Trade plan (actionable)

  • Trade direction: Long.
  • Entry price: $53.60 (market or limit, depending on execution comfort).
  • Stop loss: $47.00 - a clean technical stop below the EMA21 ($47.05) and below recent opening volatility; protects against further downside from weak guidance flow.
  • Target price: $66.00 - primary target, roughly in line with a bullish analyst revision and a logical mean-reversion point toward prior resistance.
  • Time horizon: mid term (45 trading days). Expect this trade to play out over several weeks of trend-following and fundamental digestion. If momentum stalls earlier, trim exposure.
  • Risk management: keep position size small relative to portfolio (high risk). Consider scaling in: half size at entry and add on a successful retest of $50-$51 with volume support.
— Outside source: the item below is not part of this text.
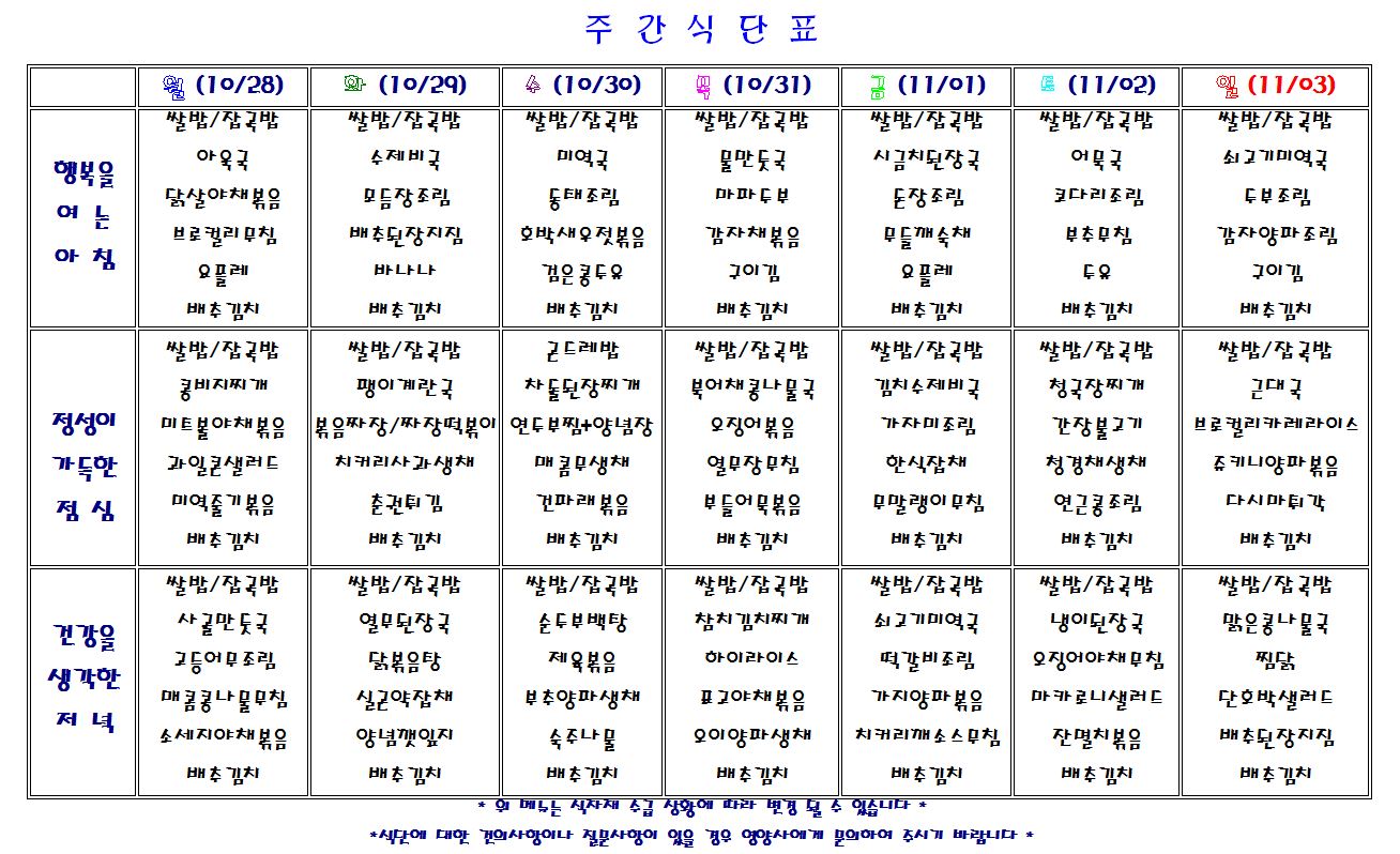 별내요양병원 2019.10.28~11.3 식단표 입니다.

Catalysts that could push the trade higher

  • Margin stabilization - any evidence management can arrest gross-profit-per-unit declines and demonstrate a path to recovering per-vehicle economics.
  • Positive commentary or guidance beats on next earnings: an upward revision to guidance would quickly validate the rebound and attract value buyers.
  • Improving used-vehicle price environment or turnaround in wholesale auction prices that widens gross margins.
  • Continued short-covering and elevated volume that propels momentum above $60 and forces further technical breakouts.
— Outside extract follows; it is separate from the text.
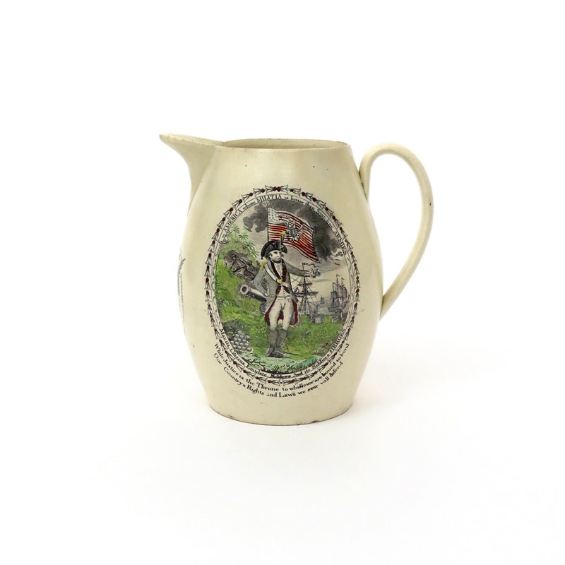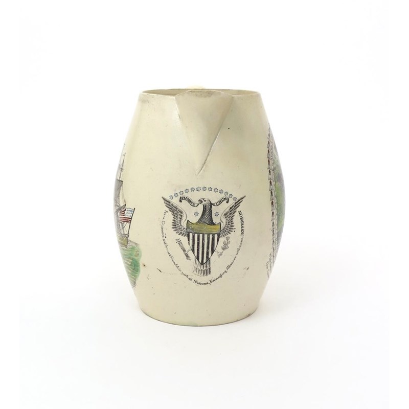 A large creamware jug of American interest c.1804, printed and hand-coloured to one side with a French soldier standing beneath the American flag with ships in the background, titled 'Success to America whose Militia is better than Standing Armies, May Its Citizens Emulate Soldiers and its Soldier Heroes', a further two line stanza beneath, to the reverse a three-masted ship, beneath the spout the American Eagle surrounded by a quote from Thomas Jefferson's inaugural speech of 1801, some restoration, 22.7cm high.

Risks and counterarguments

  • Persistent margin pressure: Management stated margins will remain pressured as pricing is used to chase sales. If gross profit per vehicle keeps falling, the company could see earnings erosion that would undercut any technical rally.
  • High leverage and credit risk: Debt-to-equity around 3.06 is elevated for a retailer. If auto lending weakens or delinquencies rise, the finance segment could see losses that flow through to EPS and valuation.
  • Guidance-driven downgrades: The stock sold off initially on guidance below expectations. If forward commentary disappoints again, momentum can reverse quickly and trigger the stop.
  • Macroeconomic sensitivity: Used-car demand is cyclical and sensitive to consumer credit conditions and rates. A colder macro environment would reduce sales velocity and margin recovery prospects.
  • Counterargument: The strong bounce and analyst upgrades could be temporary relief rally—if buyers were only reacting to the beat-and-guide dynamic and not to sustainable margin improvement, upside could be limited to $55 and fade. That argues for smaller sizing and strict stops.

What would change my mind

I would abandon the bullish stance if any of the following occur: a) next-quarter guidance shows accelerating unit margin deterioration or sustained negative trends in gross profit per retail vehicle; b) auto-finance metrics (delinquencies or charge-offs) move materially worse, indicating credit stress; or c) price closes and holds below $47.00 on volume, invalidating the momentum setup and indicating risk-on sentiment has reversed. Conversely, upgraded guidance, serial margin improvement and continued above-average volume would increase conviction and justify adding to the position toward $66.

Conclusion

CarMax is a classic transitional idea: fundamentals are mixed but the chart offers a clear tactical entry after the post-earnings washout and rebound. This trade is speculative and technically driven - the upside is compelling into analyst target territory, but structural margin and credit risks justify a tight stop and modest sizing. Enter at $53.60, stop $47.00, target $66.00, and treat this as a mid-term (45 trading days) momentum/mean-reversion trade rather than a buy-and-hold fundamental play.

Risks

  • Margins could continue to compress as management prioritizes sales, eroding EPS despite revenue growth.
  • High leverage (debt-to-equity ~3.06) makes the company sensitive to funding and credit losses in the finance arm.
  • Market can re-price the stock lower on weak forward guidance or macro shocks, triggering technical failure below $47.00.
  • Elevated short interest and episodic short-volume spikes can create violent intraday moves; momentum can reverse sharply once short-covering subsides.